To optimize our models, we tweak their settings, known as hyperparameters. This process is akin to fine-tuning an instrument to ensure it plays the perfect note.


In [None]:
from sklearn.model_selection import RandomizedSearchCV
import numpy as np

# Reduce the number of iterations and cross-validation folds
n_iter_search = 5
cv_folds = 3

# Simplify the models - example for Random Forest
rf_param_grid = {
    'n_estimators': [50, 100],  # reduced number of trees
    'max_depth': [10, None],  # fewer options
    'min_samples_split': [2, 5]
}

# Initialize the RandomizedSearchCV object for Random Forest with fewer iterations and folds
random_search_rf = RandomizedSearchCV(
    RandomForestClassifier(), 
    param_distributions=rf_param_grid, 
    n_iter=n_iter_search, 
    cv=cv_folds, 
    n_jobs=-1, 
    random_state=42
)
random_search_rf.fit(train_data.drop(['Class'], axis=1), train_data['Class'])
best_params_rf = random_search_rf.best_params_

# RandomizedSearchCV for Decision Tree
dt_param_grid = {
    'max_depth': [10, 20, 30],
    'min_samples_leaf': [1, 2, 4]
}
random_search_dt = RandomizedSearchCV(
    DecisionTreeClassifier(), 
    param_distributions=dt_param_grid, 
    n_iter=n_iter_search, 
    cv=cv_folds, 
    random_state=42
)
random_search_dt.fit(train_data.drop(['Class'], axis=1), train_data['Class'])
best_params_dt = random_search_dt.best_params_

# RandomizedSearchCV for SVM
# Using an extremely small subset of the data
subset_size = 50  # Very small subset for extremely quick execution
train_subset = train_data.sample(n=subset_size, random_state=42)
# Simplified RandomizedSearchCV for SVM
random_search_svm = RandomizedSearchCV(
    SVC(), 
    param_distributions={'C': [1], 'kernel': ['linear']},  # Minimal hyperparameter space
    n_iter=1,  # Only one iteration
    cv=2,  # Reduced to 2-fold cross-validation
    n_jobs=1,  # Limit the number of jobs to 1 for a quick run
    random_state=42,
    verbose=0  # No verbosity
)
random_search_svm.fit(train_subset.drop(['Class'], axis=1), train_subset['Class'])
best_params_svm = random_search_svm.best_params_

# RandomizedSearchCV for Neural Network
# Using a very small subset of the data
subset_size = 50  # Extremely small subset for quick execution
train_subset = train_data.sample(n=subset_size, random_state=42)
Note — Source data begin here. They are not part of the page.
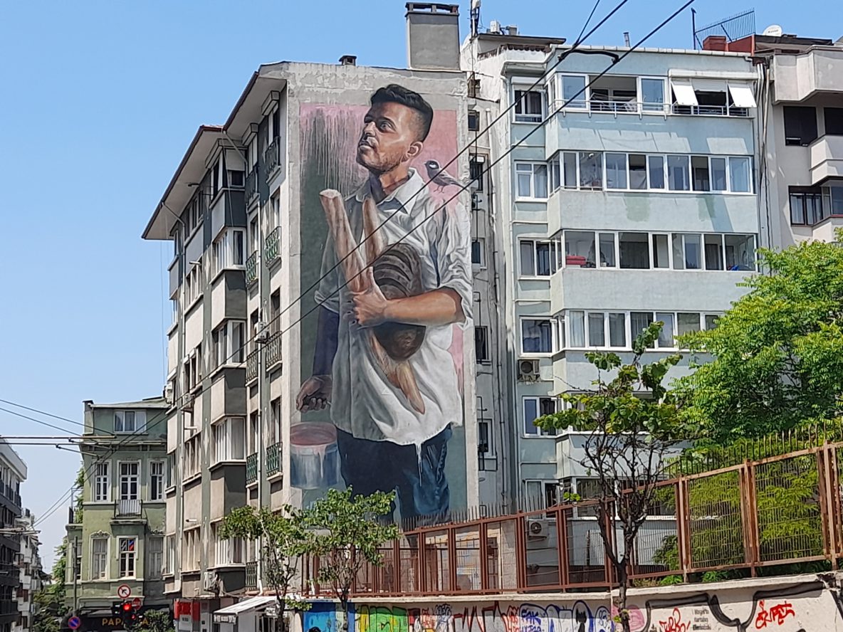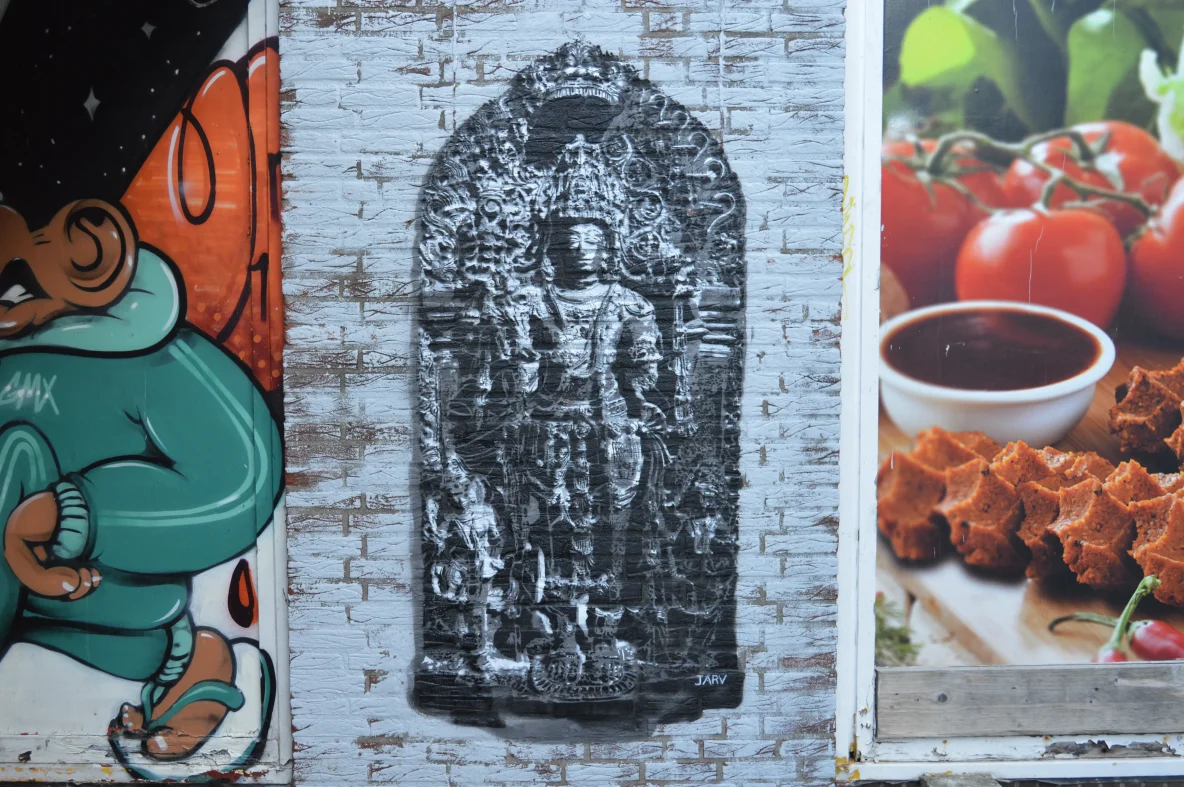 Jonge Arnoldusstraat: Een werk van BC.Esobe en S.Cmart op de Tamarinde school, maar welke vogel (eend) is dit?
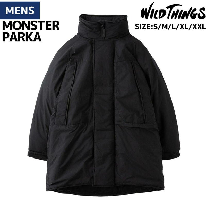 【10%OFF】カジュアル ウェア アウター ワイルドシングス WILD THINGS MONSTER PARKA モンスターパーカー メンズ 冬 定番 ナイロン ブラック カジュアル ウェア アウター 撥水 軽量 保温 ミドル丈 WT242-01
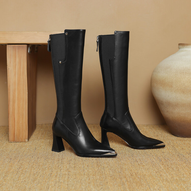 【预售7天】防踢尖头全牛皮骑士靴韩版秋冬新款粗高跟后拉链真皮高筒长靴女LD&6991
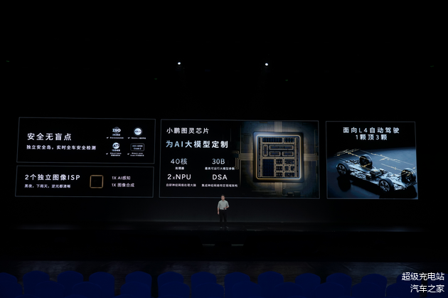 这里面最重磅的,当然还是刚刚在8月23日流片成功的「全球首颗可同时应用在机器人、AI 汽车、飞行汽车的芯片」——「小鹏图灵」,这是一颗「端到端大模型定制芯片」,拥有「2个自研的神经网络处理大脑(NPU)、2个独立图像信号处理器(ISP)」,以及「40核处理器」,可用于最高 L4 级别的自动驾驶,「一颗顶三颗」。
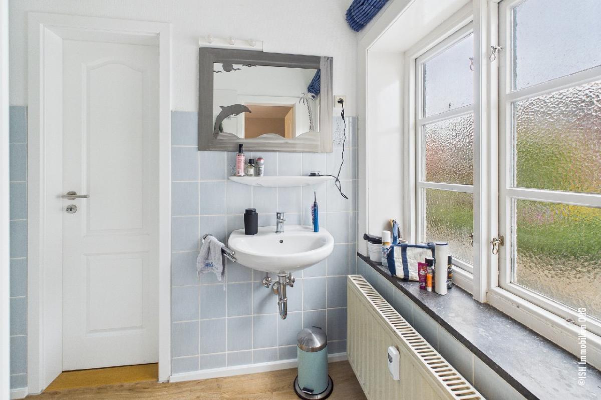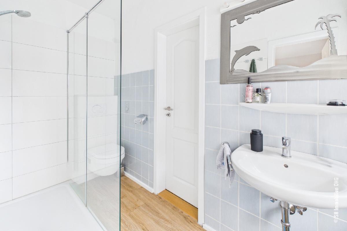 Das moderne Tageslichtbad mit Dusche grenzt direkt an das Schlafzimmer und bietet einen Durchgang in den Hauswirtschaftsraum.
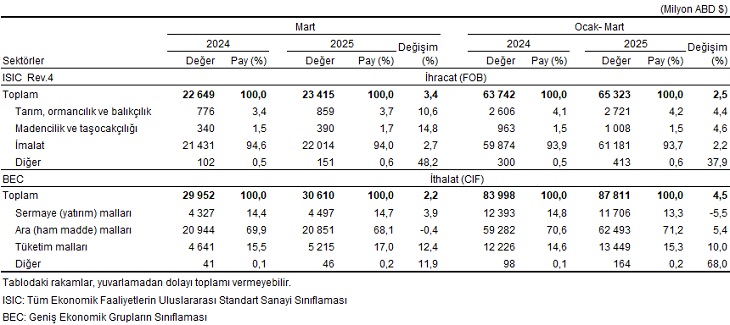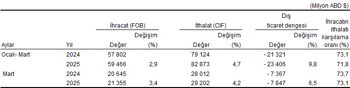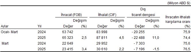 Türkiye İstatistik Kurumu ile Ticaret Bakanlığı iş birliğiyle genel ticaret sistemi kapsamında üretilen süreksiz dış ticaret bilgilerine nazaran; ihracat 2025 yılı Mart ayında, bir evvelki yılın birebir ayına nazaran %3,4 artarak 23 milyar 415 milyon dolar, ithalat %2,2 artarak 30 milyar 610 milyon dolar olarak gerçekleşti.
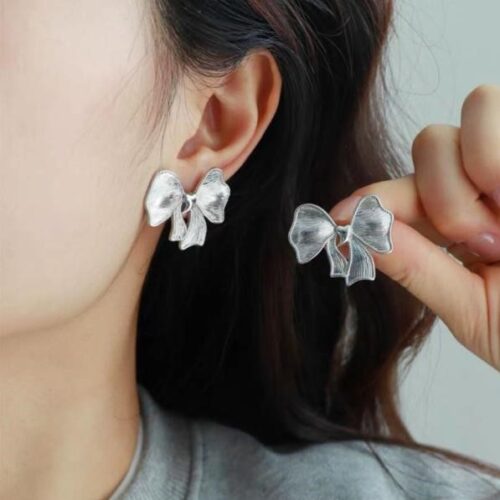 Orecchini da donna in acciaio inox con perno fiocco rigato 2,3×2 cm. Colore oro o rodio

# Simplified parameter grid for Neural Network
nn_param_grid = {
    'hidden_layer_sizes': [(50,)],  # Smaller network
    'activation': ['relu'],  # One activation function
    'solver': ['adam'],  # One solver
    'max_iter': [100]  # Fewer iterations
}

# RandomizedSearchCV for Neural Network with simplified settings
random_search_nn = RandomizedSearchCV(
    MLPClassifier(), 
    nn_param_grid, 
    n_iter=2,  # Fewer iterations
    cv=2,  # Reduced cross-validation
    n_jobs=1,  # Using single job for faster execution in limited environments
    random_state=42,
    verbose=0
)
random_search_nn.fit(train_subset.drop(['Class'], axis=1), train_subset['Class'])
best_params_nn = random_search_nn.best_params_

# Print the best parameters for all models
print("Best parameters for Random Forest:", best_params_rf)
print("Best parameters for Decision Tree:", best_params_dt)
print("Best parameters for SVM:", best_params_svm)
print("Best parameters for Neural Network:", best_params_nn)

# Now we can print or use the best_params_rf, best_params_svm, and best_params_nn for the best-found parameters

Using `GridSearchCV`, we systematically work through multiple combinations of parameter tunes, cross-validating as we go to determine which tune gives the best performance.

By the end of these steps, we will have trained four different models and optimized their hyperparameters for best performance. This careful tuning is what sets the stage for the final step: evaluating these models to select the ultimate candidate for our driving behavior prediction task.